Yoshie Takeshita (竹下 佳江 Takeshita Yoshie, born March 18, 1978) is a retired Japanese volleyball player who played for JT Marvelous. She served as Head Coach of Japanese volleyball team Victorina Himeji. and now serves as Executive Adviser.

She played for the All-Japan women's volleyball team and was a participant at the 2004 Summer Olympics, 2008 Summer Olympics and 2012 Olympics.
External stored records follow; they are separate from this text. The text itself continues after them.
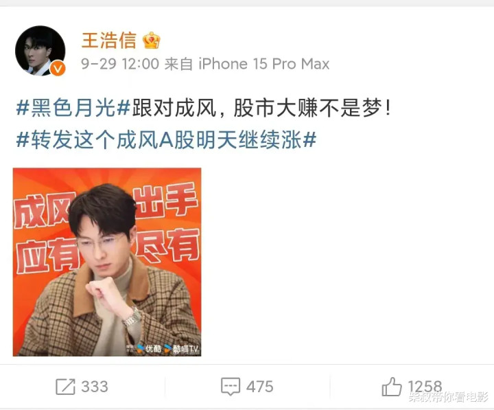 王浩信在《玄色蟾光》演出成风这个变装,近日王浩信更是在酬酢平台发文宣传该剧。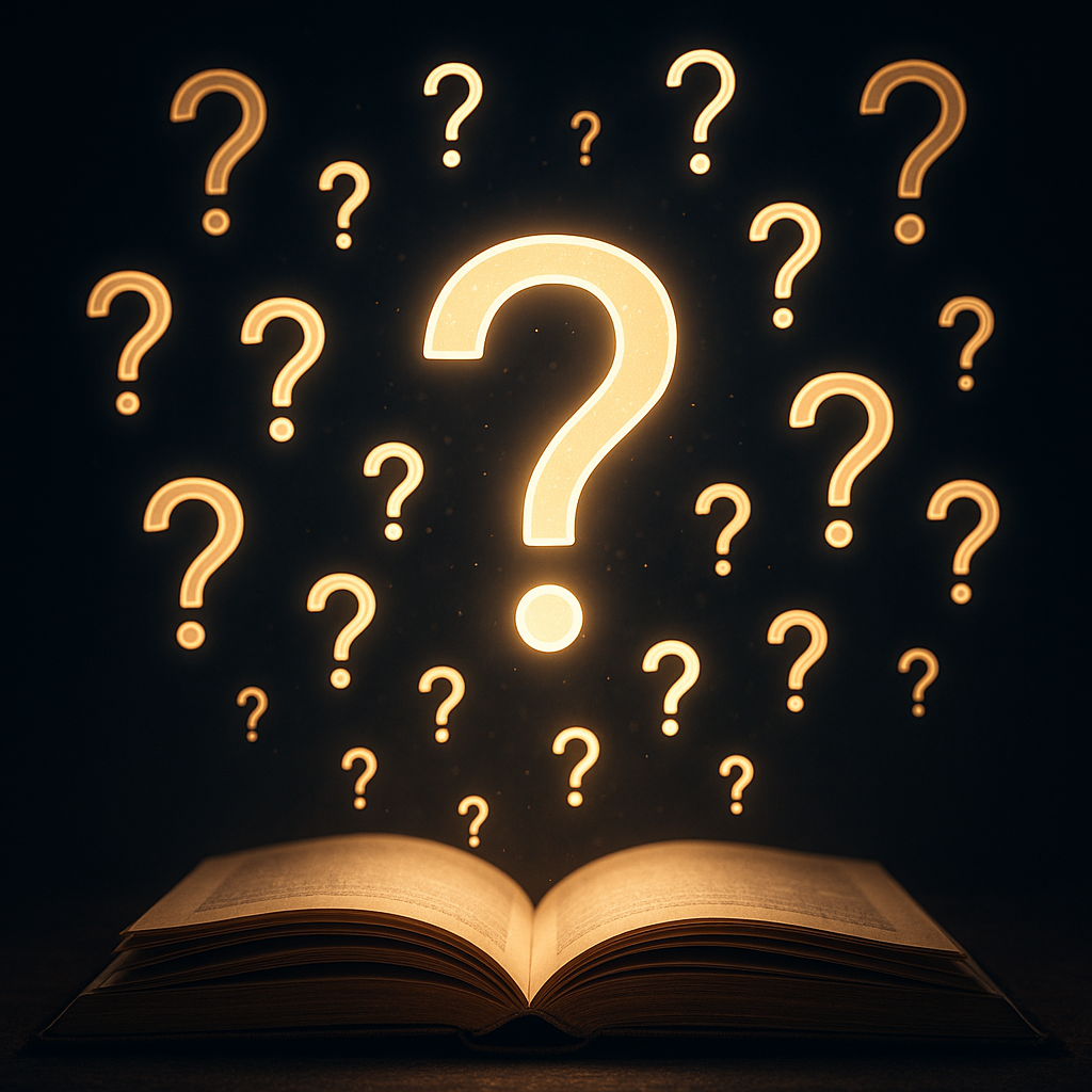 Häufige Fragen schweben über aufgeschlagenem Buch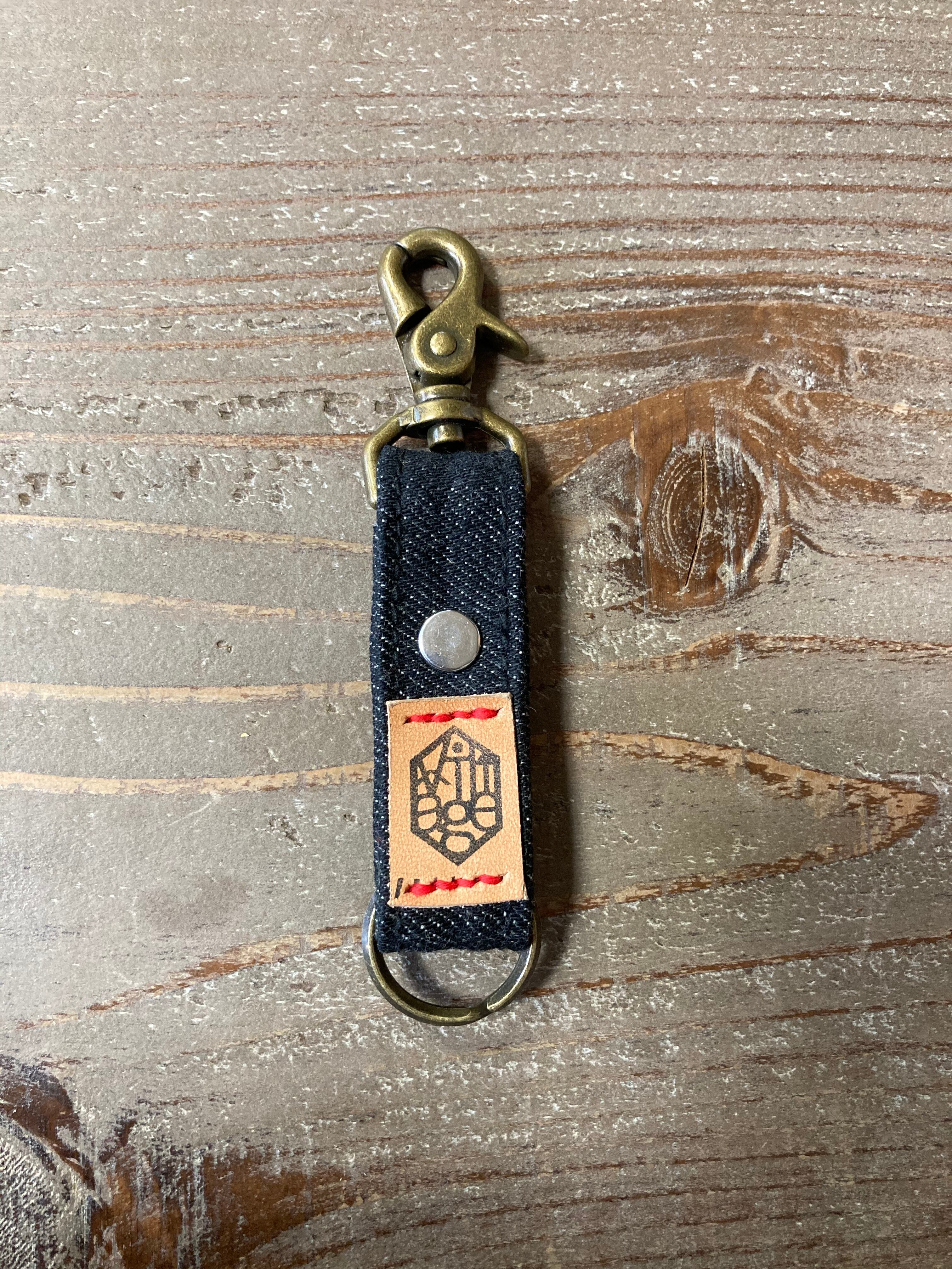 ハンドメイド、ブラックデニムキーホルダーです。今回はブラックデニムで作ってみました。
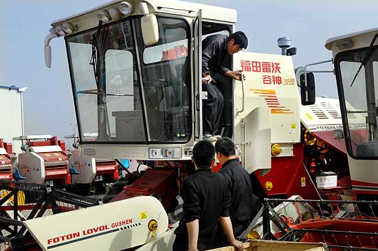 4月11日,農(nóng)戶正在銀川西部農(nóng)資城挑選農(nóng)機(jī)。2007年,中央和寧夏財(cái)政共安排2000萬(wàn)元資金幫助農(nóng)民購(gòu)置農(nóng)機(jī),以提高寧夏全區(qū)農(nóng)機(jī)化裝備水平,農(nóng)機(jī)購(gòu)置補(bǔ)貼極大地調(diào)動(dòng)了農(nóng)民購(gòu)買農(nóng)機(jī)具的積極性。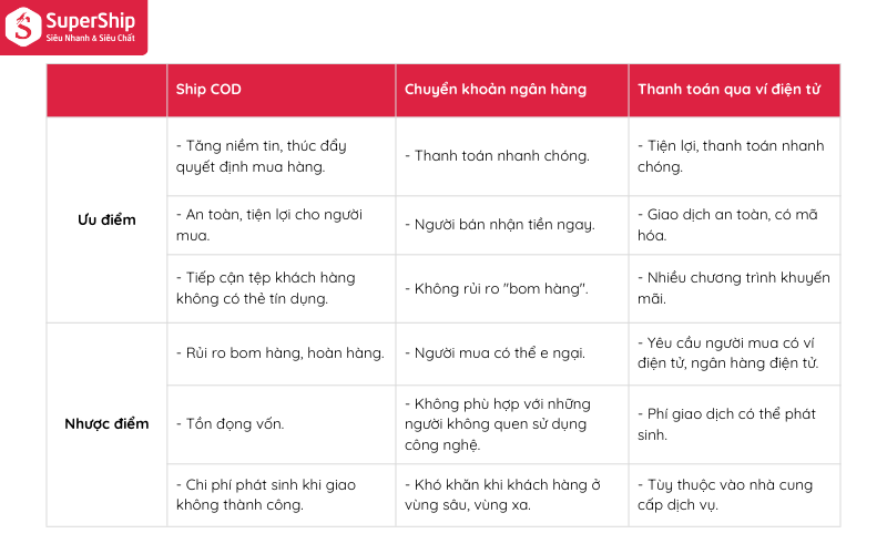 Có thể thấy, mỗi hình thức thanh toán đều có những lợi thế riêng. Ship COD vẫn là lựa chọn hàng đầu cho các shop online, đặc biệt là các shop nhỏ và mới, nhờ khả năng xây dựng lòng tin và thúc đẩy doanh số. Khi kết hợp với một đơn vị vận chuyển uy tín như SuperShip, rủi ro sẽ được giảm thiểu tối đa, giúp các shop kinh doanh hiệu quả và phát triển bền vững.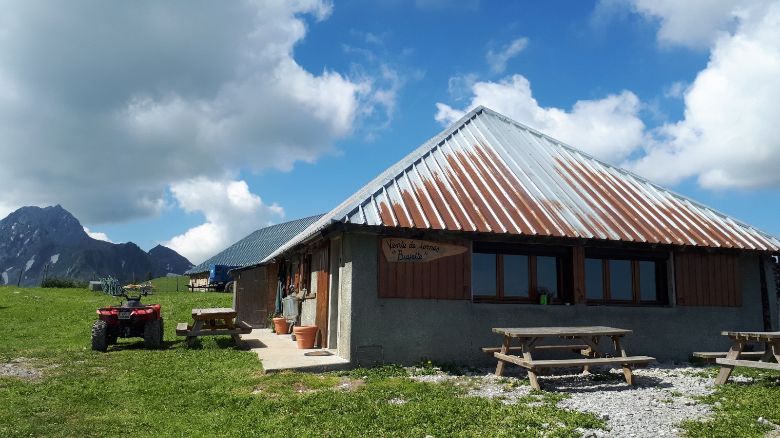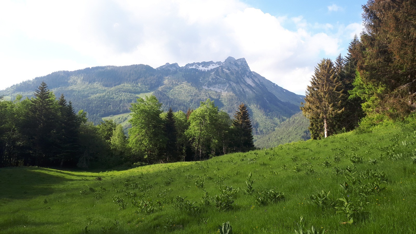Montée : Par le Gros Tilleul (1370m), les chalets de la Servaz (1420m), le chalet des Barbus, les chalets de l'Eau Froide (1620m) et enfin la crête de Vélan.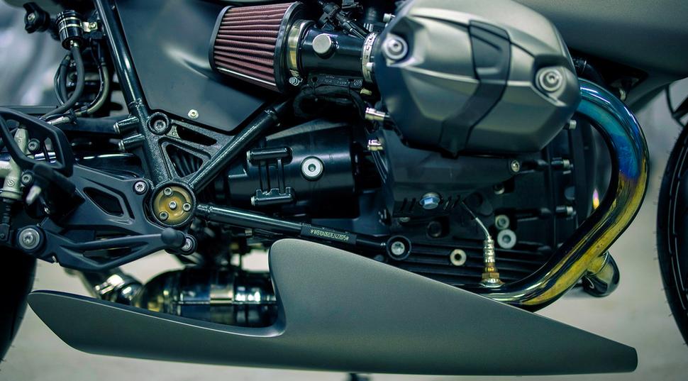 Оригинальная версия кастома существует в единственном экземпляре просто потому, что невозможно серийно изготовить настолько идеально сидящую капотировку (по крайней мере, за разумные деньги) - из облицовки торчат только цилиндры и выпускные патрубки, а всё остальное скрыто под ней. Так что силуэт мотоцикла с установленным комплектом для переделки снизу сглаживает очаровательная слегка оверсайзная защита картера, обрамляющая двигатель снизу в продолжение силуэту монокока над ним. Силуэт нижнего элемента подхватывает переднее крыло, в котором крепления заглублены в материал для максимальной гладкости. В комплект также входит набор небольших накладок, панелек и других мелких элементов, прикрывающих всё, что может отвлекать или нарушать плавность форм.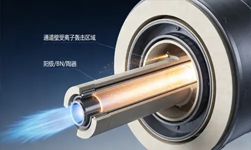霍尔推力器的放电通道(Discharge Channel)是等离子体能量密度最高、材料工况最苛刻的区域之一:高能离子轰击、电子回旋运动、壁面溅射与热负荷叠加。任何材料选择或结构细节,都可能直接影响推力效率、寿命与稳定性。

At the 2012 Olympics, she was part of the Japanese team that won the bronze medal.  She was also part of the 2010 Japanese Women's team that won bronze at the world championships, beating the US in the bronze medal match.

Her nickname was World's smallest and strongest setter (世界 最小 最強 セッター Sekai saisho saikyo setter). She was the captain of the Japanese volleyball team during the 2006 World Championship and took the most valuable player award.

On 28 September 2012 JT Marvelous announced her retirement.　On 21 June 2013 Takeshita was selected to become a member of the directors of Japan Volleyball Association.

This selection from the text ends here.